ETFs
Profit from these ETFs thanks to the strength of the dollar
The US dollar has been rising for several weeks. This is now his longest weekly winning streak since February. The Bloomberg dollar gauge rose to its highest level in more than a month after a stronger jobs report dampened hopes for a rate cut.
Investors looking to take advantage of this trend might consider ETFs such as invesco DB US Dollar Index Bullish Fund UUP, US Dollar Bull Fund WisdomTree Bloomberg USDU, iShares Russell 2000 ETF IWM, iShares US Aerospace & Defense ETF ITA and iShares MSCI EAFE Currency Hedged ETF HEFA.

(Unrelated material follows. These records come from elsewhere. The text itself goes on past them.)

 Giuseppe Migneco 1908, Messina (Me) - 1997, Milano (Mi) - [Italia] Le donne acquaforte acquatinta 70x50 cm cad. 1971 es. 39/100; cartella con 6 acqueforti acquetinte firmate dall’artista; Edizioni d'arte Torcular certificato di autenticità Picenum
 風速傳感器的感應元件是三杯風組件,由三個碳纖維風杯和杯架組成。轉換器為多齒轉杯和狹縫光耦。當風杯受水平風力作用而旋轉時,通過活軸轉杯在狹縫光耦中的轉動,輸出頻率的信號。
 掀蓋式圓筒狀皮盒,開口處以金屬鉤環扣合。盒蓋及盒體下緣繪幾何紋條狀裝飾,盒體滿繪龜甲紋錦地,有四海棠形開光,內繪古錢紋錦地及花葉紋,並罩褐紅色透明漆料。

The latest jobs data reflects the strength of the U.S. economy, reducing expectations of a rate cut. U.S. job growth jumped in May and wage growth accelerated. The economy added 272,000 jobs in May, above Bloomberg’s expectations of 185,000 jobs, reflecting continued strong hiring across a range of sectors. Health care and social assistance led job gains with 83,000. Leisure and hospitality, which includes restaurants and bars, added 42,000 jobs, while professional and business services added created 33,000 jobs. The public sector, which added only 7,000 positions in April, rebounded with 43,000 gains.
Wage growth rose for the first time in months, even as the unemployment rate rose to 4% from 3.9%, its highest level since January 2022. Traders no longer expect a rate cut until December.

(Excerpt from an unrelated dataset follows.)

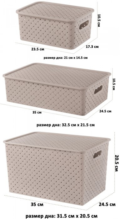 23,5 × 17,3 × 10,5 см; 35 × 24,5 × 10,5 см; 35 × 24,5 × 20,5 см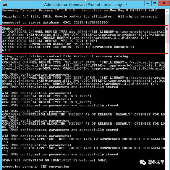 CONFIGURE CHANNEL DEVICE TYPE sbtPARMS='SBT_LIBRARY=c:\app\oracle\product\12.1.0\dbhome_1\BIN\oraopc.dll,ENV=(OPC_PFILE=C:\app\oracle\product\12.1.0\dbhome_1\dbs\opcorcl.ora, ORACLE_HOME=C:\app\oracle\product\12.1.0\dbhome_1)';

A strong dollar attracts foreign capital from investors seeking dollar-denominated returns, providing an advantage to domestically focused companies. Additionally, the cost of energy in the United States falls with a stronger dollar, which reduces industrial costs, increases profitability, and propels the economy as a whole.
Now let’s talk about ETFs in detail:
UUP
The Invesco DB US Dollar Index Bullish Fund is the main beneficiary of the rising dollar as it provides exposure to a basket of six global currencies. This is done by tracking the Deutsche Bank Long USD Currency Portfolio Index – Excess Return plus interest income from the fund’s holdings of U.S. Treasury securities. In terms of holdings, the Invesco DB US Dollar Index Bullish Fund allocates almost 57.6% to Euro and 25.5% collectively to Japanese Yen and British Pound.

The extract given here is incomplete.